Available data>
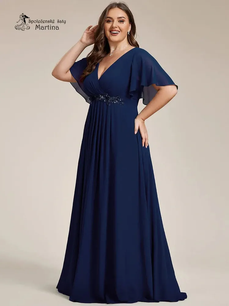 - Tmavě modré šifonové šaty "Pandora" s volným rukávem a aplikací v pase
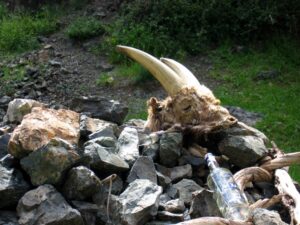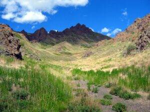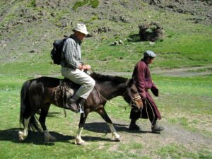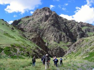 About 2 km into the hike, the riders dismounted and joined the rest of our group for a leisurely walk through the valley. Marmots scurried away as we walked past and several eagles soared magnificently overhead. Our hike intersected a rambling brook several times and we had to hop over to the other side using partially submerged (wet) rocks. Unfortunately, Ushee bit it on one of those crossings and her face made full contact with the ground. We attempted to stop the flow of blood and recommended that she apply pressure to her nose and forehead. Later on we would kid her about her Vulture valley inflicted “war wound” but she was a true trooper and continued hopping over the river crossings with gusto.
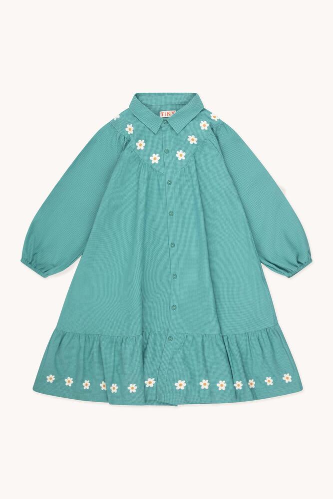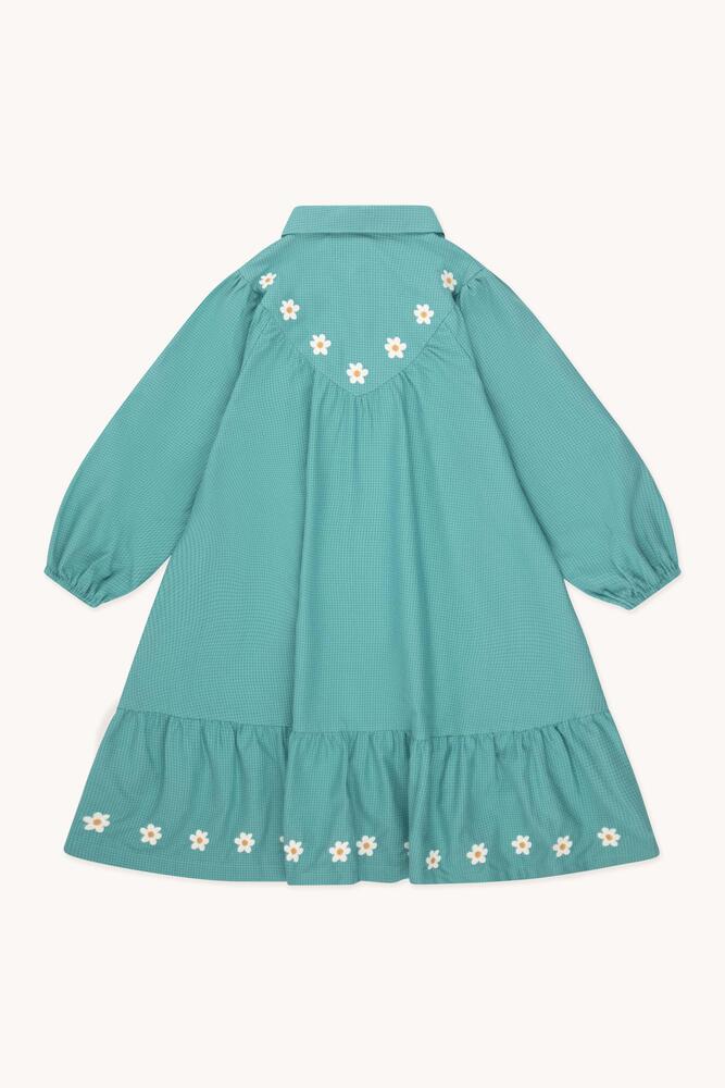 이 다크 에메랄드색 미세 체크 롱 슬리브 드레스는 100% 면으로 제작되었습니다. 셔츠 칼라와 요크 부분의 데이지 자수, 버튼 오프닝이 특징이며, 자수가 장식된 주름 스커트와 편안한 착용감을 제공하는 밴딩 커프스가 디자인되어 현대적이고 여유로운 실루엣을 완성합니다. Made in China.
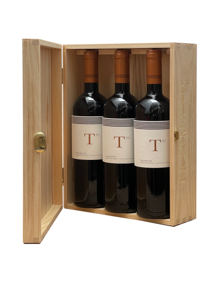 Pack especial de 3 unidades en caja de madera de TM Tr3smano. Alta intensidad y complejidad aromática. Con cuerpo, estructurado, fino, elegante y un largo posgusto. Es un vino hecho para disfrutar y recrearte en cada sorbo y disfrutarlo sin prisas. Además se presenta en una fantástica caja de madera

Exercise details>
An exact transcription of the data above is needed, without the pictures.

Completed exercise>
 - Tmavě modré šifonové šaty "Pandora" s volným rukávem a aplikací v pase
 About 2 km into the hike, the riders dismounted and joined the rest of our group for a leisurely walk through the valley. Marmots scurried away as we walked past and several eagles soared magnificently overhead. Our hike intersected a rambling brook several times and we had to hop over to the other side using partially submerged (wet) rocks. Unfortunately, Ushee bit it on one of those crossings and her face made full contact with the ground. We attempted to stop the flow of blood and recommended that she apply pressure to her nose and forehead. Later on we would kid her about her Vulture valley inflicted “war wound” but she was a true trooper and continued hopping over the river crossings with gusto.
 이 다크 에메랄드색 미세 체크 롱 슬리브 드레스는 100% 면으로 제작되었습니다. 셔츠 칼라와 요크 부분의 데이지 자수, 버튼 오프닝이 특징이며, 자수가 장식된 주름 스커트와 편안한 착용감을 제공하는 밴딩 커프스가 디자인되어 현대적이고 여유로운 실루엣을 완성합니다. Made in China.
 Pack especial de 3 unidades en caja de madera de TM Tr3smano. Alta intensidad y complejidad aromática. Con cuerpo, estructurado, fino, elegante y un largo posgusto. Es un vino hecho para disfrutar y recrearte en cada sorbo y disfrutarlo sin prisas. Además se presenta en una fantástica caja de madera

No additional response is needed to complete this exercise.